Additionally, LPS stimulates the expression of inducible NO synthase in various cells, increasing NO levels that are involved in regulating female reproduction. A research group found that the NO synthesis pathway is more active in girls with CPP compared to healthy controls. Further mechanistic studies showed that NO not only stimulates GnRH secretion (Araki et al., 2005; Zhao et al., 2019), but may also promote follicular development through the PI3K/protein kinase B (AKT)/FoxO3a pathway, thereby accelerating puberty onset (Han G. et al., 2022; Luo et al., 2021; Li et al., 2020).
5.2.4 Neurotransmitters
Most neurotransmitters closely associated with PP are produced by the GM. HFD disrupts the intestinal microbial balance, diminishing populations of Lactobacillus and Bifidobacterium, both known to produce GABA through glutamate decarboxylase activity (Chen et al., 2023; Strandwitz, 2018). Genome-wide association studies have identified several alleles associated with the GABA signaling pathway that correlate with the age of menarche (Perry et al., 2014). GABA acts as a critical inhibitory modulator of hypothalamic GnRH neurons by engaging GABA receptors, thereby suppressing GnRH secretion (Watanabe et al., 2014). Further experiments in prepubertal rhesus monkeys demonstrated that GABA inhibits the upstream gene Kiss1 and its expression, contributing to the delay in puberty onset (Kurian et al., 2012). Additionally, GABA reduces NO production in the hypothalamus, diminishing the stimulation of the HPG axis and the promotion of follicular development (Yang et al., 2020).

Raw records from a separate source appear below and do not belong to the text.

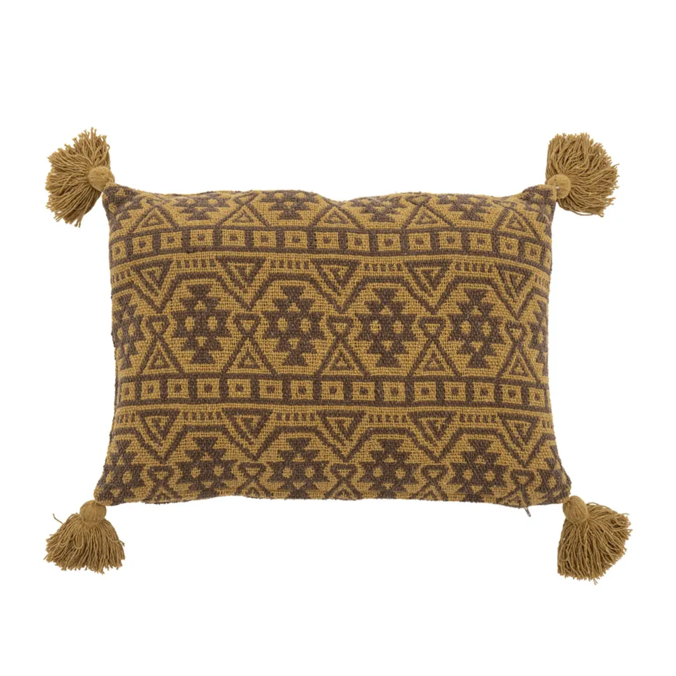 Lyla Kissen, Braun, Recycelte Baumwolle von Bloomingville aus Dänemark. Das Lyla Kissen von Creative Collection ist aus recycelter Baumwolle in einem warmen Gelbton mit einem schönen braunen Muster gefertigt. Das Kissen wird jede Sitz- oder Sofadekoration aufpeppen und Wärme verleihen.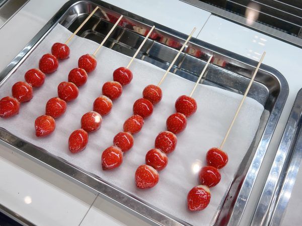 飴は着色料不使用で、国産のいちごも冷凍せずに新鮮なものを使用。材料だけでなく薄くコーティングすることにもこだわり、薄皮の飴とフレッシュないちごの相性が抜群ないちご飴ができたそうです。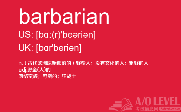 英国留学对于留学成绩的比拼越来越激烈,申请英国院校留学的一大指标a-level考试分数要求也水涨船高.虽然成绩只是申请的一部分,但不得不说,好看的英国a-level成绩是学生是否优秀的证据。放松一下跟着a/o-level考试网来学习一下a-level考试词汇barbarian的应用。如果您想了解alevel课程选择攻略,经济学alevel拿a难不难,alevel真题网,alevel在线学习等关于a-level考试的相关资讯,请继续浏览并关注课窝a/o-level考试网。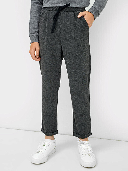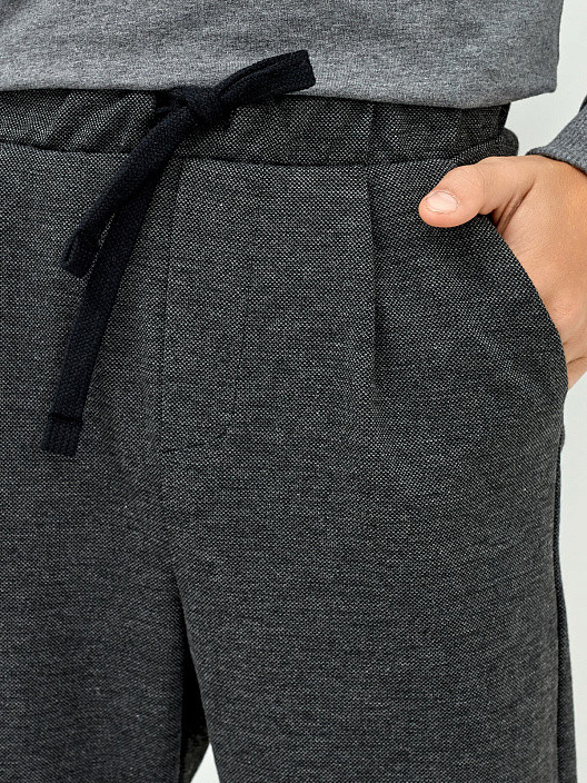 Удобные брюки прямого силуэта с классической посадкой на талии для мальчиков. В поясе — эластичная тесьма и шнурок-завязка, который позволяет регулировать ширину в талии. Есть удобные боковые карманы. Гульфик — имитация. Штанины оканчиваются подворотами. Хороший вариант для школы и мероприятий, предполагающих официальный стиль одежды.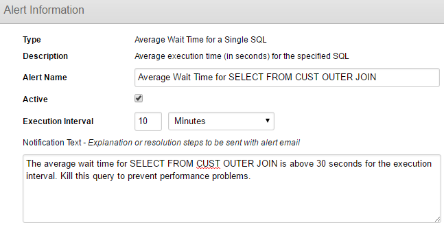 The execution interval specifies how often the alert runs and the amount of data that DPA examines. For example, if the execution interval is 10 minutes, DPA executes the alert every 10 minutes and examines the last 10 minutes of data to determine whether to trigger the alert. DPA recommends an execution interval of at least 10 minutes to prevent unnecessary alerts from a single slow execution or temporary condition.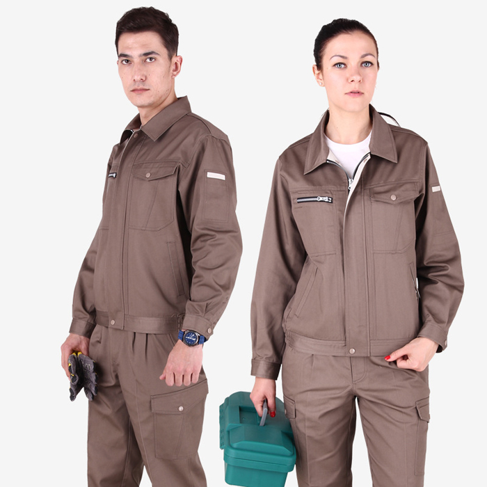 此款工作服設計采用了西服平駁領更具有企業特色,更提高企業形象,而不是簡單平庸工作服領型。左側胸前口袋是采用了紐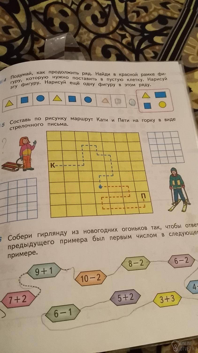 Петя: вниз, влево, влево, влево, вверх, вправо, вправо, вверх, влево, влево. (Вместо слов поставь стрелочки).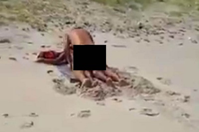 Tourists have been shocked with a rather distressing sight after driving through a beach and greeted by a sight of a couple making out in the broad day light.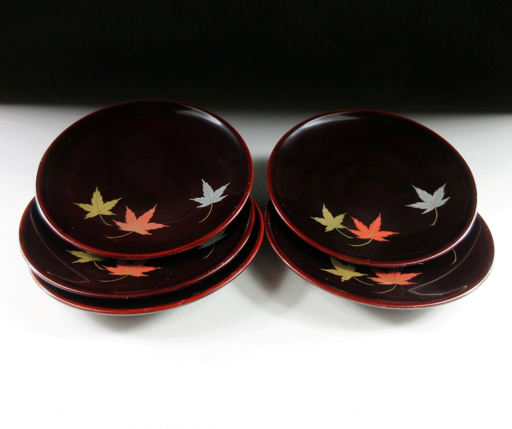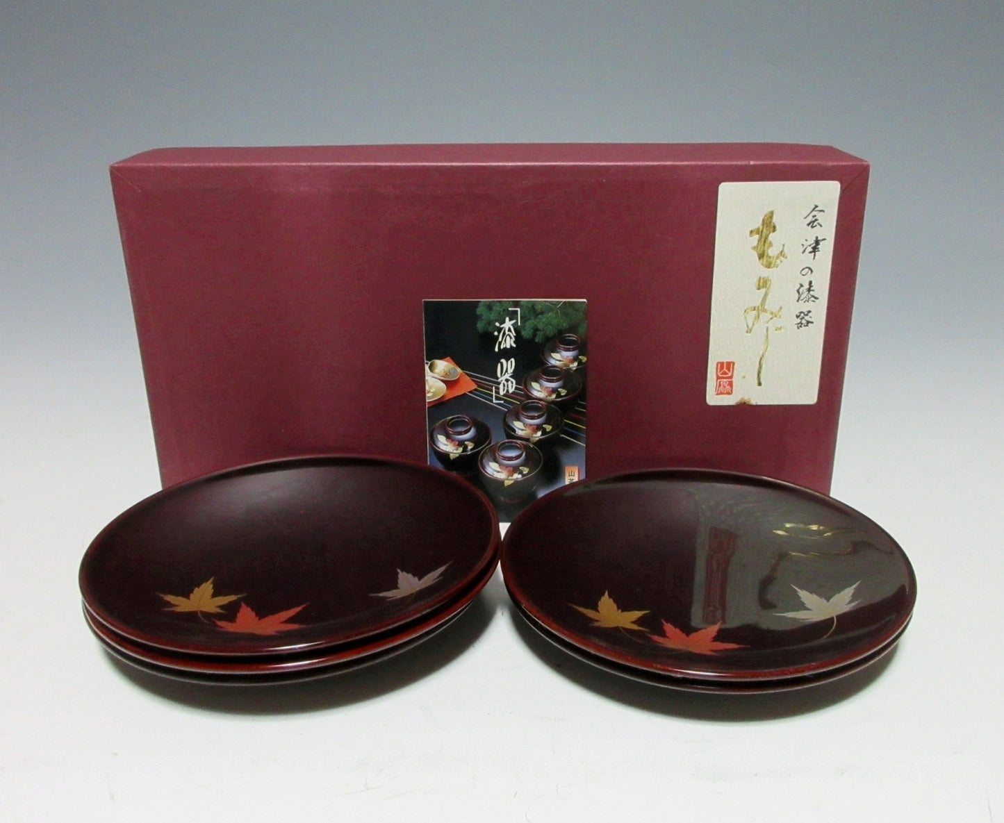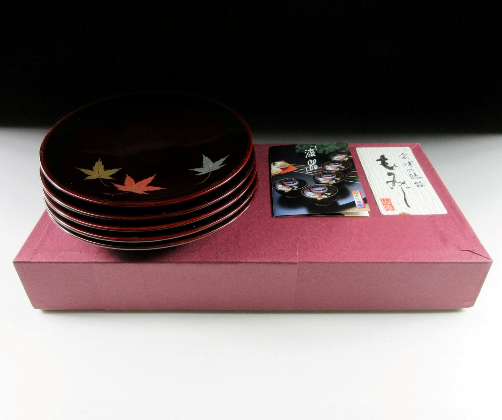 This listing is for a set of five small Aizu-nuri lacquerware plates made around 40 years ago by Kato Takeo. They are made of wood and each plate is decorated with makie momiji leaves over a brown lacquered base. This is a beautiful set of plates for serving sweets, and they come with their original paper storage box. They also come with a Japanese language profile paper.

In parallel, HFD also augments gut bacteria linked to intestinal inflammation (e.g., Bilophila, Desulfovibrio, and Escherichia), which synthesize neurotransmitters like dopamine and 5-HT, both of which are critical regulators during puberty (Chen et al., 2023; Wang M. et al., 2024). DA activates GnRH through a cAMP-mediated mechanism, enhancing the amplitude and duration of GnRH pulses to promote the onset of puberty (Winters et al., 2014). In contrast, 5-HT exerts a biphasic effect on GnRH neurons: rapid inhibition via 5-HT1A receptors, followed by slow excitation through 5-HT2A receptors (Bhattarai et al., 2014). Despite these insights, the exact mechanisms and causal relationships between neurotransmitters and PP require more detailed exploration.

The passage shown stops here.